Data excerpts:
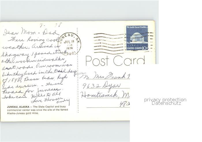 72329267 old postcard Juneau Alaska The State Capital and busy commercial center postalisch gelaufen Erhaltung siehe scans KatCode: 14140020000000
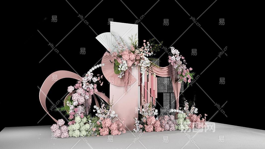 现代白粉色布幔婚礼美陈
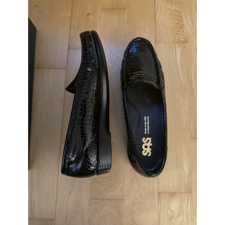NWB SAS Tripad Comfort Black Crocodile Print Leather Loafers – Size 7N
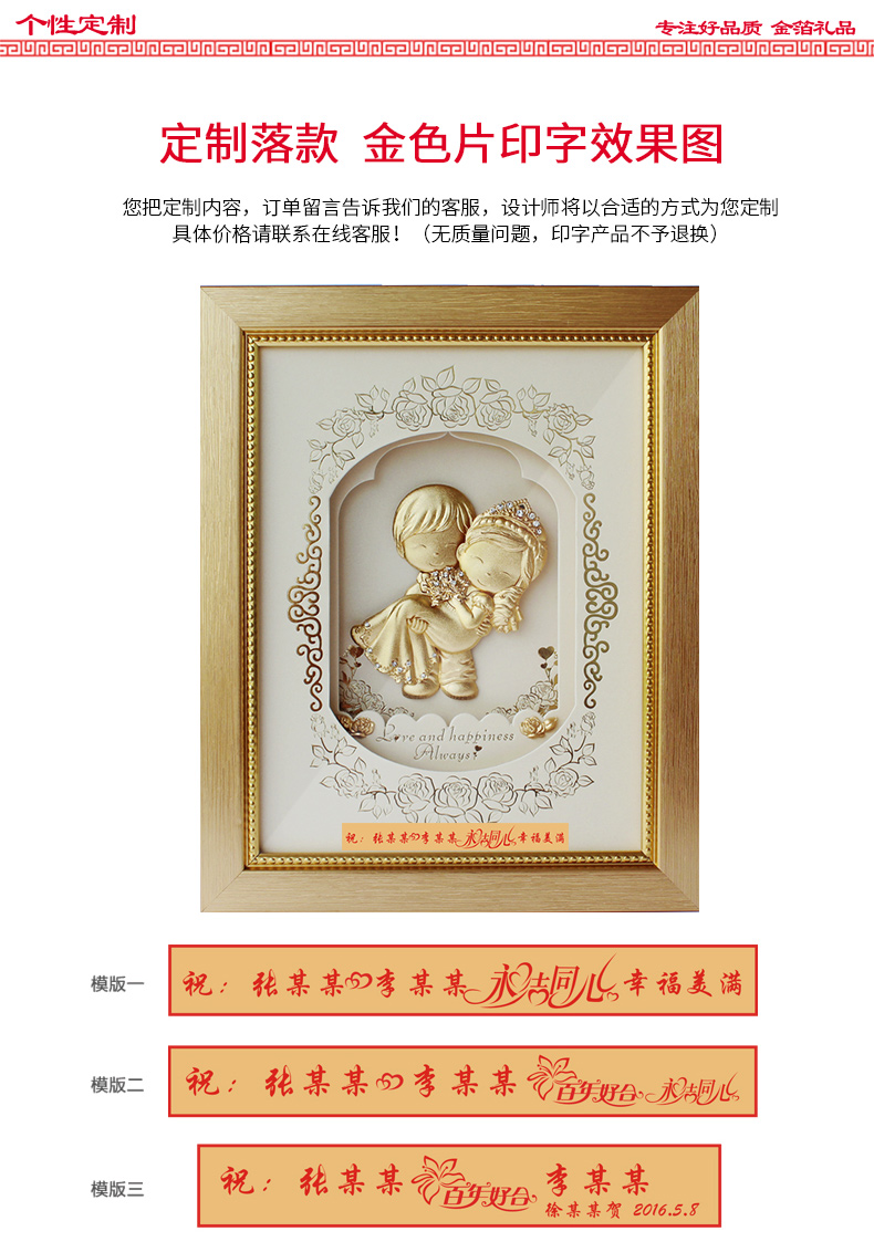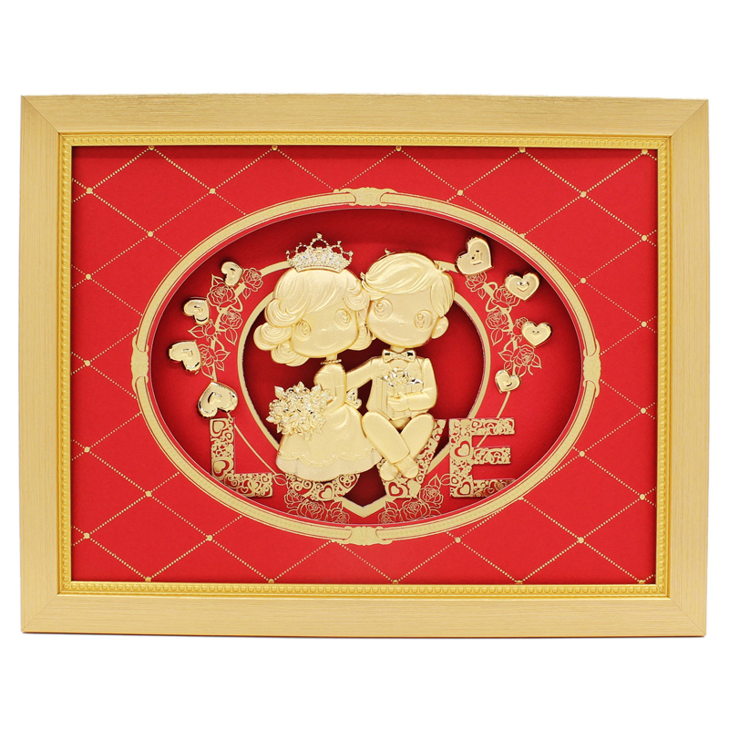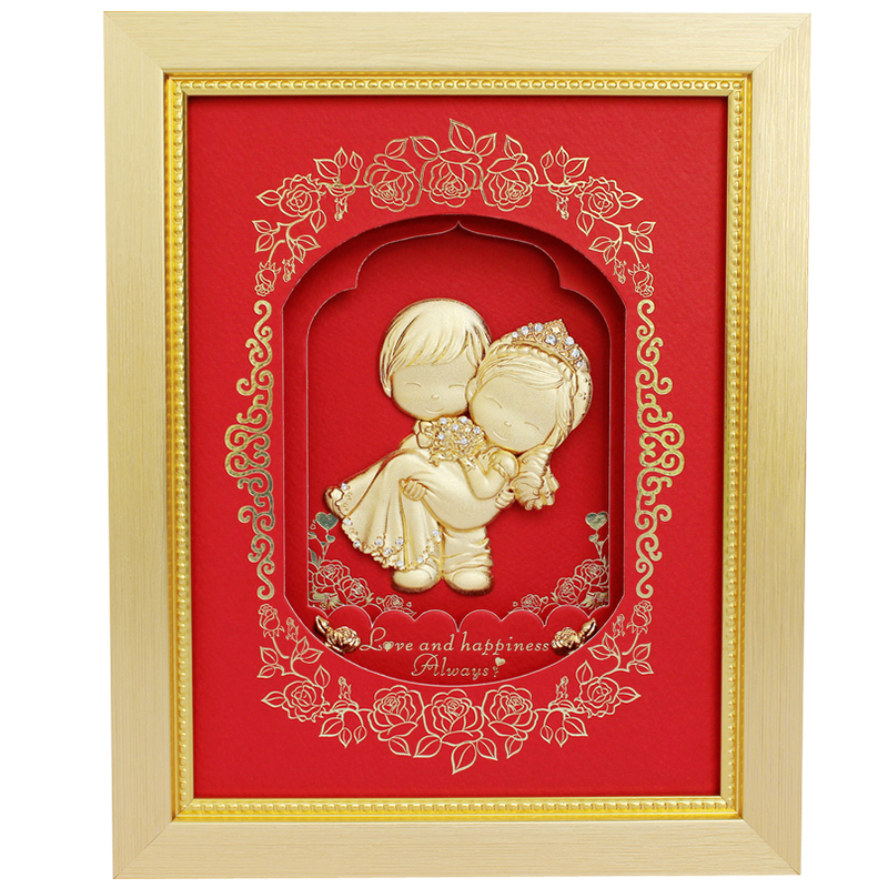 结婚礼物幸福娃娃金箔画送朋友闺蜜创意新婚礼品实用婚房婚庆摆件
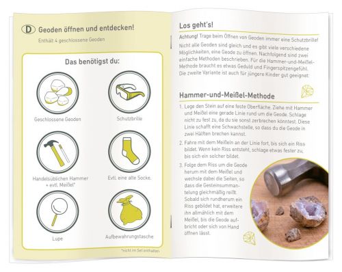 + inkl. Schutzbrille, Lupe, Aufbewahrungsbeutel und farbigem Booklet mit spannenden Infos zu verschiedenen Geodenarten

Assigned task: Retype the line containing "现代白粉色布幔婚礼美陈" and each line after it through the last line of the entries above, exactly, with no pictures and nothing else.

The completed task:
 现代白粉色布幔婚礼美陈
NWB SAS Tripad Comfort Black Crocodile Print Leather Loafers – Size 7N
 结婚礼物幸福娃娃金箔画送朋友闺蜜创意新婚礼品实用婚房婚庆摆件
 + inkl. Schutzbrille, Lupe, Aufbewahrungsbeutel und farbigem Booklet mit spannenden Infos zu verschiedenen Geodenarten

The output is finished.